Постоял у своих я недельку и понял о смерти внезапное: шарлатанка она и темнила, нередко в обходы чалдонит. Где ее ты не ждешь, там тебя исподволь настигает. Вот подался на поле пахать старичок, никому на земле не мешает, только плугом внедрился, а тут ему сверху – облава. Миг – и нет старика. И кобылки прихорканной нету. А есть лишь в надрыве землица да тщетный, торчком в ней, плужок, допотопный, кривой, но целехонький. Чем мертвее предмет, тем от смерти он гибче, уклончивей.

Тут-и-тамно нестройная штука – война. Благодарный я ей за одно – что ее настоящей не видел.

Отсидели в казармах у ней мы три года. А в сорок четвертом, весной, по брезентам защелкнутых будней прошелся щекоткой слушок. Засудачили, будто фашисты со всех трех сторон того и гляди обдристаются. Ну и что нам, в плену из-за них увядать? Ни хрена! Пошушукались пару ночей, у соседних крестьян провиянт на шмотье променяли, снарядили под самый хохол вещмешок и голосуем ему делегацию, наставляем засланцев вопрос обсудить с комполка. Тот сперва угрожает расстрелом, вопит бесперечь трибуналы, кулачится в хрюсла, затем устает и садится за стол подержать бедолажную голову. Поостывши, ворчит матюги, безразличной рукой потрошит вещмешок и, потрясенный до всхлипов души, по-отечески их укоряет: дескать, что же вы, попрошайки, скоты, вшивота, меня за собой в шелупони унизить наваксились? Разве ж это достойно – манить барахлом крохоборским мои интересы полковничьи? Это ж даже капралов прельстить мелочовкой такой недостойно! Ну-ка марш, недотёсники, вон! Да назад не вертайтесь, пока не заправитесь в совести.

Повздыхали с недельку, потом на была не была наскребли по сусекам последних крестов и колечек, ихний стон-перезвон в вещмешок доложили и расплатились за сделку сполна. В указанный час получили на выход бумажки, покинули строем колючую базу, в лесочке сорвали неладную форму, облачились в засусленных греков и затопали пехом на родину…

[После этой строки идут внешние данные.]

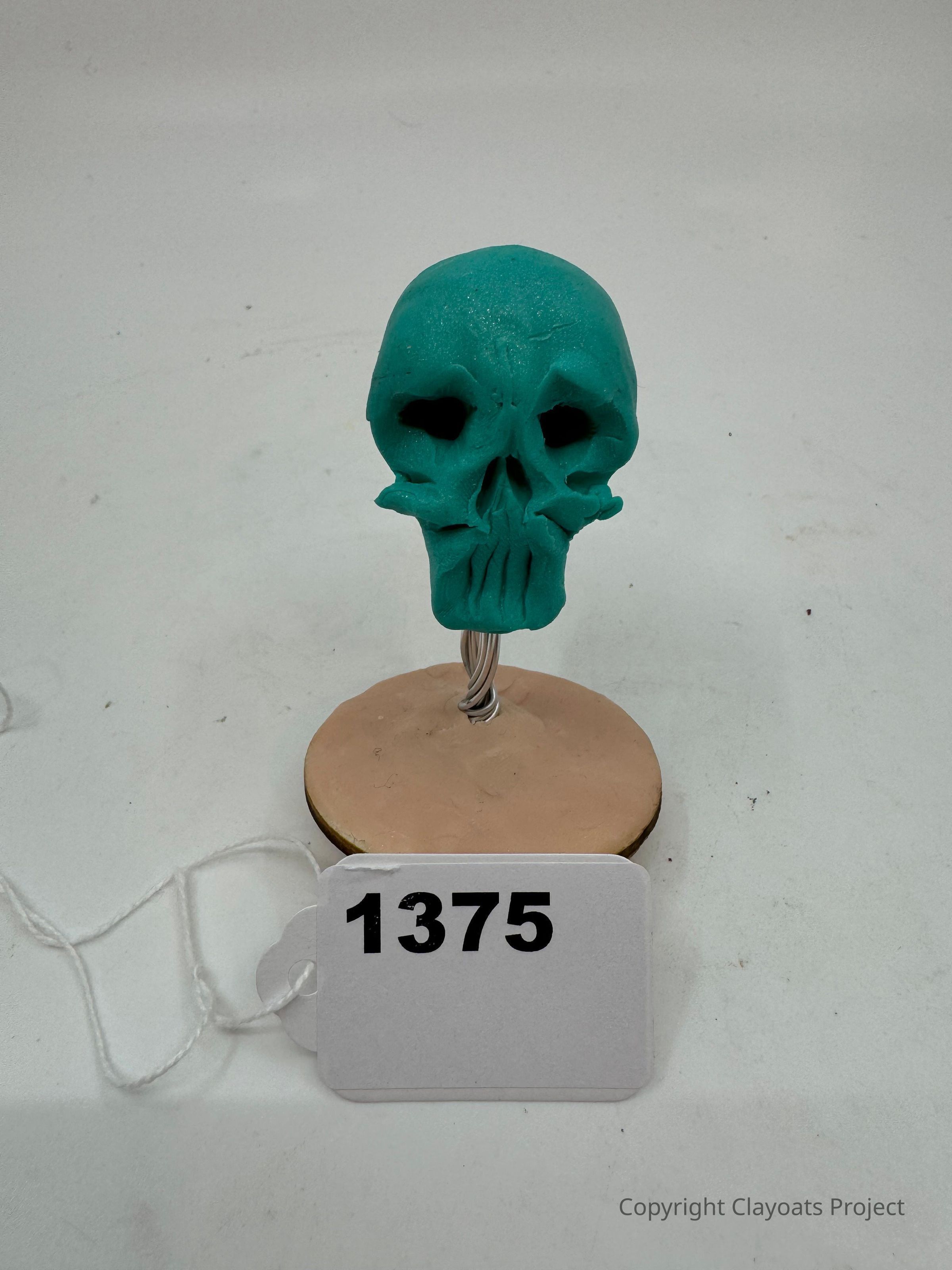 The image shows a teal-colored skull sculpture mounted on a wire stand, which is attached to a round base. The base appears to be a clay or cork-like material. The background is a plain, light gray surface, contrasting with the vibrant color of the skull, making it stand out prominently in the composition.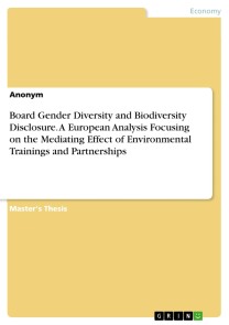 Master's Thesis from the year 2023 in the subject Business economics - Business Management, Corporate Governance, grade: 2,7, Leuphana Universität Lüneburg, language: English, abstract: Recent events such as the 15th Conference of Parties (COP15) and the European Green Deal have brought biodiversity issues to the forefront of international and European agendas, with increasing pressure on companies to improve their disclosure and performance related to biodiversity. With growing focus on the relationship between board gender diversity (BGD) and environmental performance, this study investigates the effect of BGD on biodiversity disclosure (BD). This research explores the relationship between BGD and BD by analysing a sample of 2,793 firm-year observations from European non-financial companies listed on the European STOXX600 index from 2009 to 2020. A three-way fixed-effects ordered logistic regression model was employed, incorporating legitimacy and critical mass theory. The results demonstrate a positive association between BGD and BD, with a stronger relationship for companies in exploitative industries. However, there was no support found for the critical mass theory, and no mediating effect of environmental trainings or partnerships was detected. These findings highlight the importance of gender diversity in promoting sensitivity to societal and institutional concerns, as well as the need for increased transparency and accountability in companies' reporting and actions related to biodiversity. The study's implications call for companies to take proactive measures in promoting diversity and sustainability to meet growing regulatory and stakeholder demands.

Нет, из роты рискнули не все: кое-кто истязался присягой и горько, взахлебы, спивался. Большинство же, как водится, струсили. Добровольцев июньских в побеги собралось, однако, немало: шестнадцать бойцов, не считая троих, что в последний момент передумали. Из всех сопредельных селу Дюстабан земляков драпанул я геройски один.

Так свершилось мое наконец дезертирство. К той поре подкопил я отваги довольно, чтоб его ни на чуть не стесняться, и как надо умом наточился, чтоб удачу ценить выше чопорных принципов… Очень похожий на Вылко в своем суемудрии, это ты точно мой грех указал! Зато не повинный в терзании мнимых врагов, а оно по военным шаблонам немало.

Ну и вот… Возвращаюсь в родной Дюстабан и в окошко Дафинку бужу: отворяй, мол, супружнику сонные верности. Как прихлынула охать, ей крик укротил, стариков зашипел не расталкивать: неча ночь на базары пускать. Лучше выпьем ее мы вдвоем, но до капельки.

До рассвета любились, потом обессилели. Так нас с ней и застукали: бездыханцы в прижимку лежат, а вокруг – суета, ерунда бытия, кукаречный галдеж, бестолковости. Потому как, Людмилчо, лежали в обнимку не двое, а трое: я, Дафинка и самая-самая жизнь.